● ACTION ITEM:
When you write out the listing, keep each word exactly as it stands but include none of its images.

---------- SUPPLIED INFORMATION

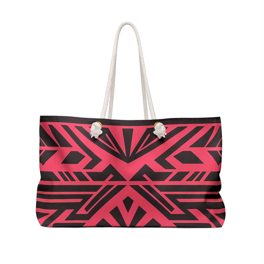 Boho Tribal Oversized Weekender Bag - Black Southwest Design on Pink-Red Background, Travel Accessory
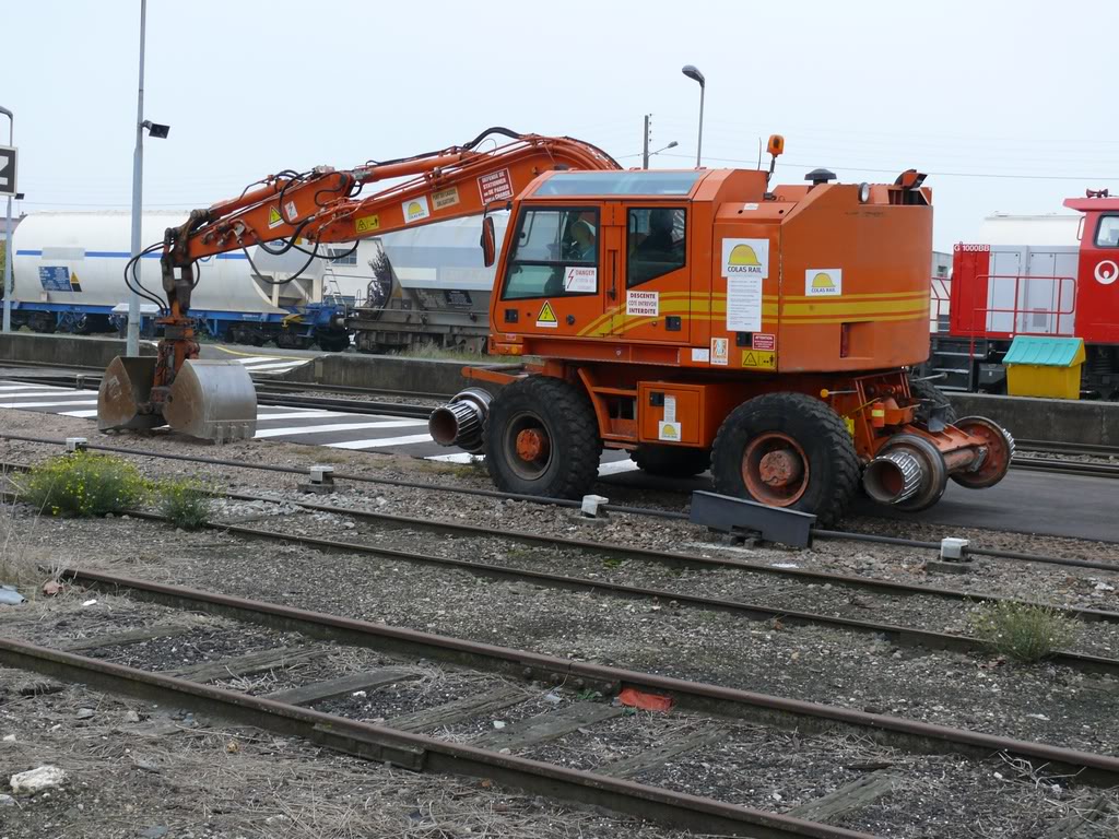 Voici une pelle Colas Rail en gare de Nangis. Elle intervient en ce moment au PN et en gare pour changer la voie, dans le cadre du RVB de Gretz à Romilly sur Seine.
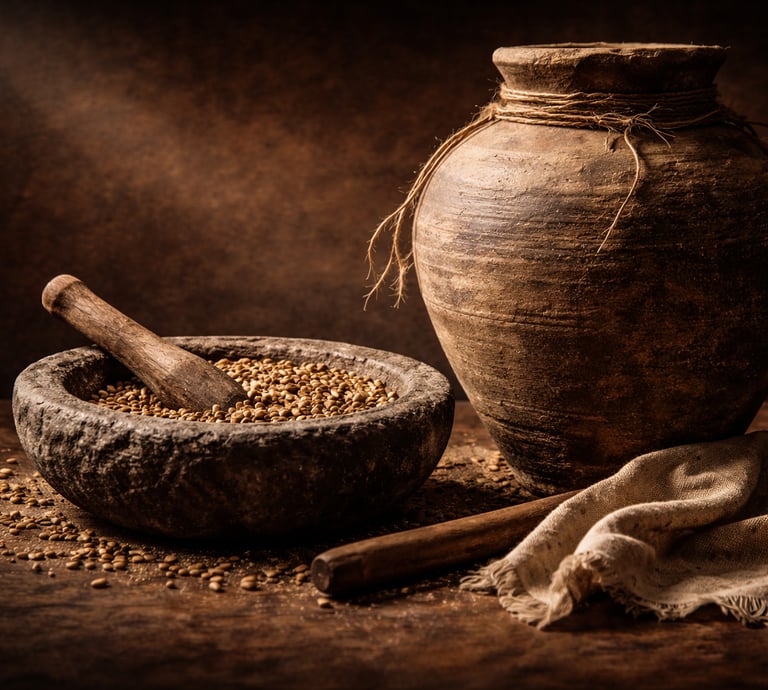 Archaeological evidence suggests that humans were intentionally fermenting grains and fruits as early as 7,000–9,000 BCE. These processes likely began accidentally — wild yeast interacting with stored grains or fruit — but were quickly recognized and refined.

--------------------

● EXERCISE RESPONSE:
 Boho Tribal Oversized Weekender Bag - Black Southwest Design on Pink-Red Background, Travel Accessory
 Voici une pelle Colas Rail en gare de Nangis. Elle intervient en ce moment au PN et en gare pour changer la voie, dans le cadre du RVB de Gretz à Romilly sur Seine.
 Archaeological evidence suggests that humans were intentionally fermenting grains and fruits as early as 7,000–9,000 BCE. These processes likely began accidentally — wild yeast interacting with stored grains or fruit — but were quickly recognized and refined.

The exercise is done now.